Project Leader: Leah Keshet (Professor), Mathematics, UBC
Phone Number:604-822-5889
Fax Number: 604-822-6074
E-mail Address: keshet@math.ubc.ca
Web Page: http://www.math.ubc.ca/~keshet/keshet.html
Project Description
Over the past years, our team has been working on deciphering the causes, and
investigating interventions for diseases such as Alzheimer's Disease, Diabetes, and blood
disorders such as leukemia, in addition to our effort
in modelling and understanding the mechanisms of certain hormonal rhythms
such as GnRH secretion.
Our research spans molecular,
cell, tissue, and population levels. It is characterized by
application of mathematical and physical (quantitative) methods to
biological and biomedical areas. Most of our projects are driven by
experimental data generated by collaborators of this team. Some projects
involve gaining a better understanding of basic scientific problems at the
foundation of cell and molecular biology.

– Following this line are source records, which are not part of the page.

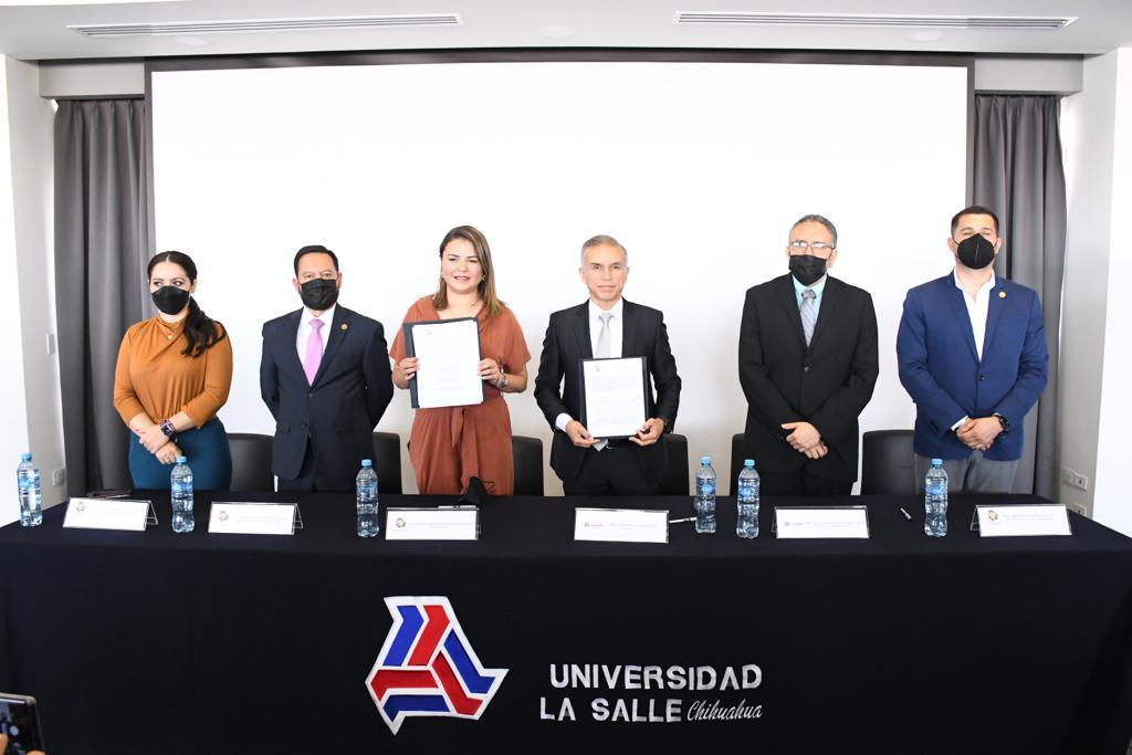 Con la intención de profesionalizar al personal del Congreso del Estado y fortalecer la vinculación con otras instituciones, Geo Bujanda, presidenta del Poder Legislativo signó un convenio de colaboración académica con el rector de la Universidad La Salle Chihuahua, Guillermo García López para que se otorguen becas al personal y/o sus familiares que deseen cursar alguna licenciatura o maestría en la institución.
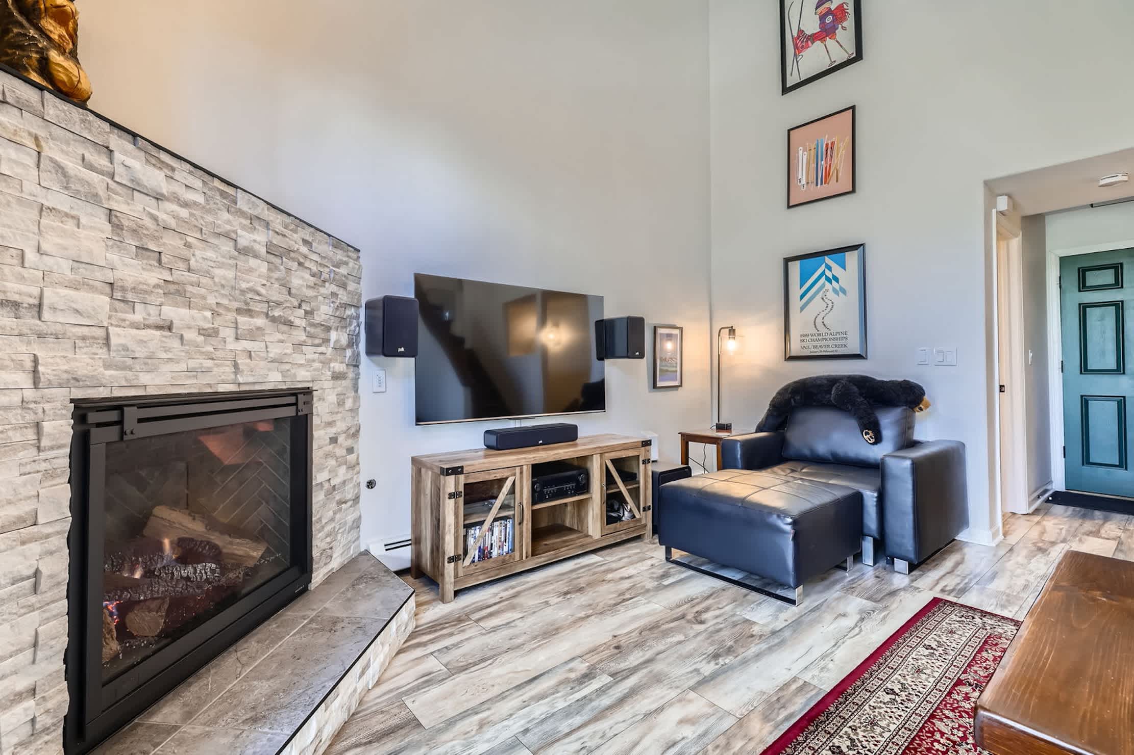 • Cozy living room with gas fireplace and large TV + home theater surround sound
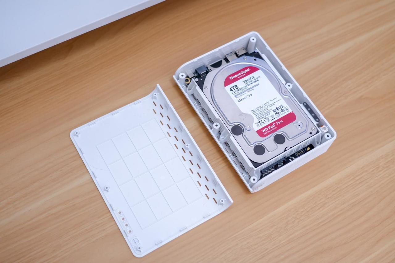 打开N3的方式也比较简单,它是卡扣设计,打开你就会立即看到硬盘位。硬盘托架采用塑料材质,通过螺丝进行固定,确保硬盘的稳定。
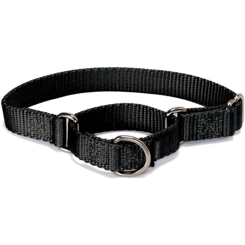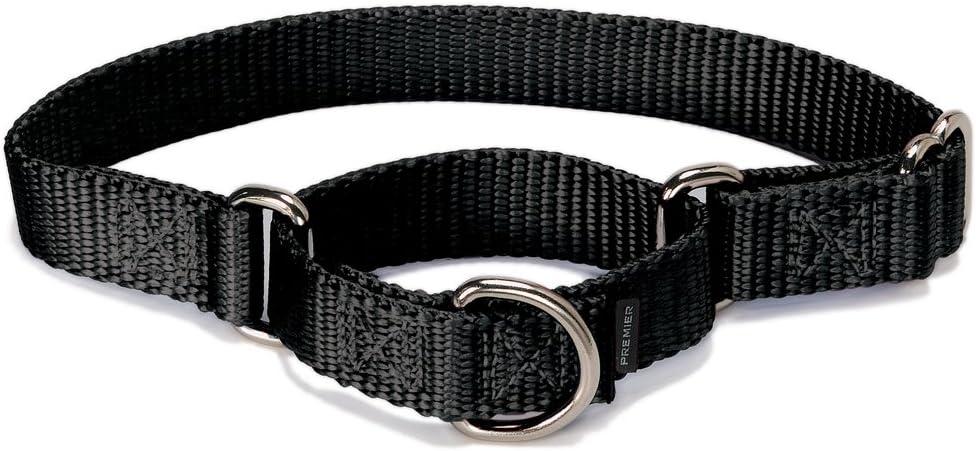 The Premier Collar “Your Dog's Neck's Best Friend”. With a leash or with your hand, the Premier collar tightens to give greater control and reduces the risk of escape. Because it offers limited closure, it's safer than a traditional choke collar . Unlike other collars, the measurement taken for the Premier Collar is at the top if the neck directly behind the ears. This corresponds with the size of the collar in the closed position, so it is not necessary to add inches. For example if your adult dog measures 14″ directly behind the ears, choose a medium collar. Sizing recommendations 5″-8″ Petite, 8″-12″ Small, 10″-16″ Medium, 14″-20″ Large, 18″-28″ Extra Large. Once you've selected the proper size, simply place the larger opening over your dog's head. Adjust to fit by pushing the nylon through the slide. When tightened with a leash or by grasping the smaller nylon loop like a handle, the two metal rings should touch directly behind your dog's ears. Attach tags to these rings rather than the D-ring. The smaller nylon loop will lie flat after few days of wear.
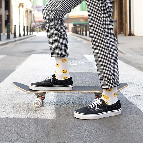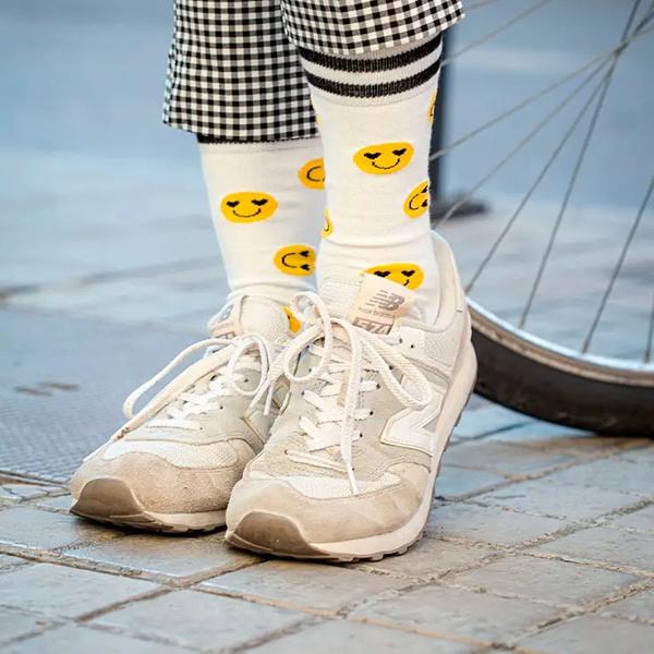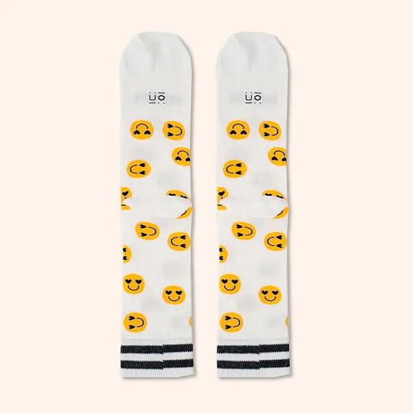 Estos calcetines blancos de aire retro con emojis de caritas sonrientes y la frase
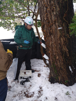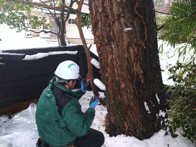 木の大きさに合わせて注入する薬剤量が決まっており、木の幹に小さな穴をあけ、そこに薬剤を注入していきます。
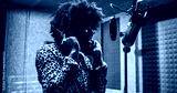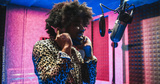 African american singer recording new music album inside boutique studio - Main focus on silver microphone

In partnership with MERCK, we (Keshet, Coombs, Das, Bailey) have been analysing the dynamics of a potential
inhibitor of amyloid-beta
for treatment of Alzheimer's Disease. This year, we prepared our results for publication, joint with Merck scientists. In previous years, we designed a simulation model that
incorporated some of the cellular and molecular components of this disease.
See online simulation of neuroinflammation and senile plaque formation.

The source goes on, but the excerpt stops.